IaaS is VMware’s sweet spot. The enterprises know they need to move to the benefits that cloud and utility based computing can bring. They want to run like Google and Yahoo! The challenge is how to do this in today’s environment and that’s where VDC-OS, vCloud and vApp come into play. Running internal clouds, federating them, running the workloads of today and tomorrow, its not just a dream, its like Christmas, you know its coming and its not far away. The problem for VMware is to not been seen like Azure and be another closed shop. That’s why it’s good to see vApp being based on OVF. We know VMware is the best system for running workloads, if we can keep the portability of workloads it means the best technology wins. If it all goes closed, the best marketing company wins, and that is not VMware. Also VMware need to keep tight (like they already are) with complementing technologies. Networking is going to play a huge role in enablement of the cloud, from things like split VLANs to WAN acceleration.
If you are in Australia and interested in cloud computing like I am. I would recommend you put March 25th, 2009 in your calendar. IDC are holding a Cloud Computing Conference on this day in Sydney. See, aren’t you glad that you read all the way to the end of this post! You can register for free as an early bird attendee. 

Also Richard Garsthagen in revealing details of VMWorld Europe 2009 has state that it will “probably” have a special pavilion for vCloud providers (2:20).

If you have some thoughts on the Cloud space, leave a comment.

Rodos

Thursday, December 11, 2008

Linked Clones Not A Panacea?

Over at vinternals Stu asks if linked clones are the panacea that a lot of people are claiming about the storage problem with VDI? I say yes, however we are moving from designing for capacity to designing for performance, and VMware have given us some good tools to manage it. Let me explain a bit further.

Stu essentially raises two issues.

First, delta disks grow more than you think. Stu considers that growth is going to be a lot more than people expect, citing that NTFS typically writes to zero'd blocks before deleted ones and there is lots of activity on the system disk, even if you have done a reasonable job at locking it down.

Second SCSI reservations. People are paranoid about SCSI reservations and avoid snapshot longevity as much as possible. With a datastore just full of delta disks that continually grow, are we setting up ourselves for an "epic fail"?

These are good questions. I think what this highlights is that the with Composer the focus for storage for VDI has shifted from an issue of capacity management to performance management. Where before we were concerned with how to deliver a couple of TB of data now we are concerned with how to deliver a few hundred GB of data at a suitable rate.

In regards to the delta disk growth issue. Yes, these disks are going to grow, however this is why we have the automated desktop refresh to take the machine back to the clean delta disk. The refresh can be performed on demand, as a timed event or when the delta disk reaches a certain size. What this means it that the problem can be easily managed and designed for. We can plan for storage over commit and set the pools up to manage themselves.

To me the big storage problem we had was preparing for the worse case scenario. Every desktop would consume either 10G or 20G even though most only consumed much less than 10GB. Why? Just in case!
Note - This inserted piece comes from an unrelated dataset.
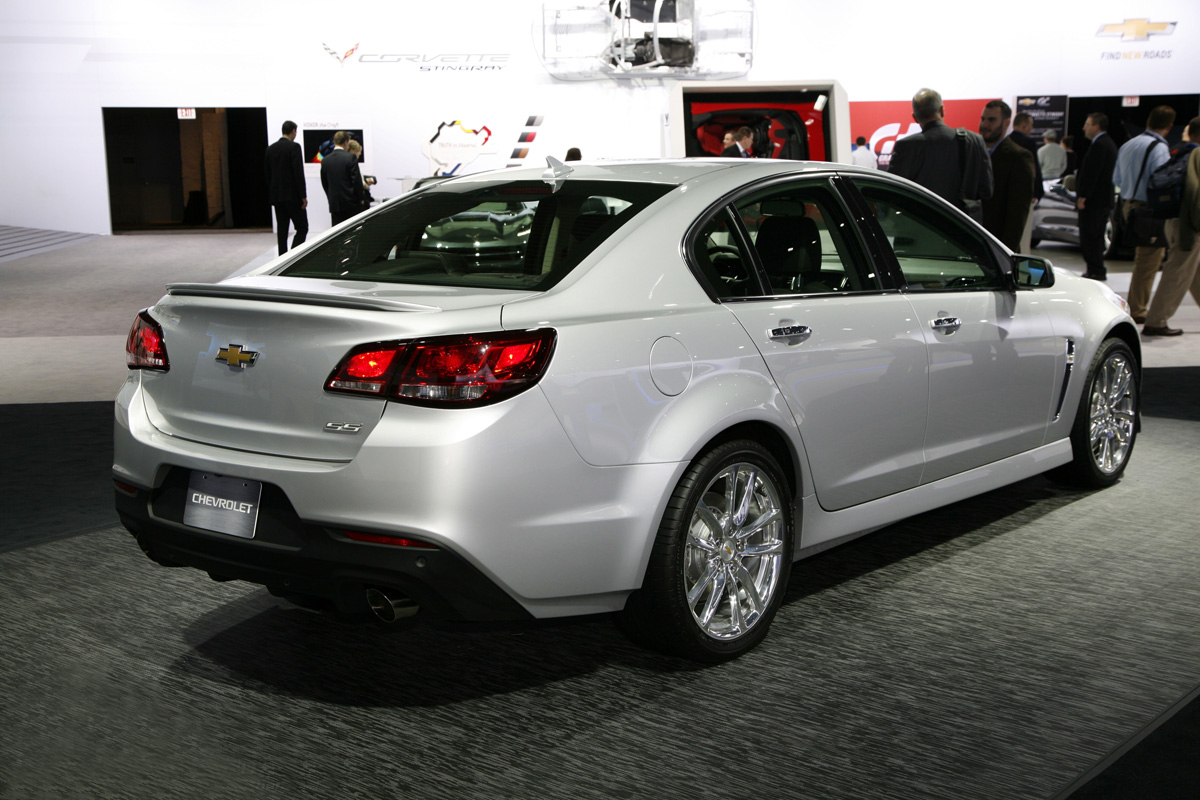 2014 Chevrolet SS exhibited at the 2013 New York International Auto Show
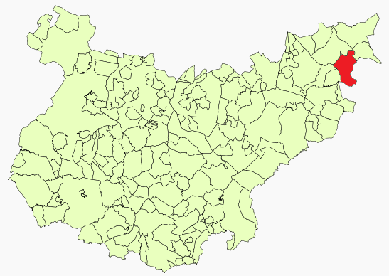 Fuenlabrada de los Montes

Just in case one or two machines do lots of activity and because we had NO easy means of resizing them we also had to be conservative about the starting point. With Composer we can start with a 10GB image but only allocate used space. If we install new applications and decide we really do need the capacity to grow to 12GB, we can create a new master and perform a recomposition of the machines. Now we are no long building for worse case but managing for used space only. This is a significant shift.

So happens today there was a blog posting about Project Minty Fresh. This installation has a problem with maintaining the integrity of their desktops. As a result they are putting a policy in place to refresh the OS every 5 days. This will not only maintain their SOE integrity but also keep their storage overcommit it check.
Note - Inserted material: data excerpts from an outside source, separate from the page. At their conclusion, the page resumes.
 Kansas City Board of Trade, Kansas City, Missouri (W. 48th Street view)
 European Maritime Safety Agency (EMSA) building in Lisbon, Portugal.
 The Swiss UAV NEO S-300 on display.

In regards to SCSI reservations. I do believe that the delta disks do still grow at 16MB and not some larger size. So when the delta disks are growing there will be reservations, and you will have many on the one datastore. Is this a problem? I think not.

In the VMware world we have always been concerned about SCSI reservations because of server work loads. For server work loads we want to ensure fast and more importantly predictable performance. If we have lots of snapshots that SQL database system which usually runs fine now starts to behave a little differently. Predictability or consistency in performance is sometimes more important than the actual speed. My estimation is that desktop workloads are going to be quiet different. In our favor we have concurrency and users. All those users and going to have a lower concurrency of activity, given the right balance we should have a manageable amount of SCSI reservations, if not we rebalance our datastores, same space, just more LUNs. Also unlike servers, will users be able to perceive any SCSI reservation hits as they go about their activity. Given the nature of users work profile and that any large IOs should be redirected not into the OS disk but into their network shares or user drives the problem may not be as relevant as we may expect.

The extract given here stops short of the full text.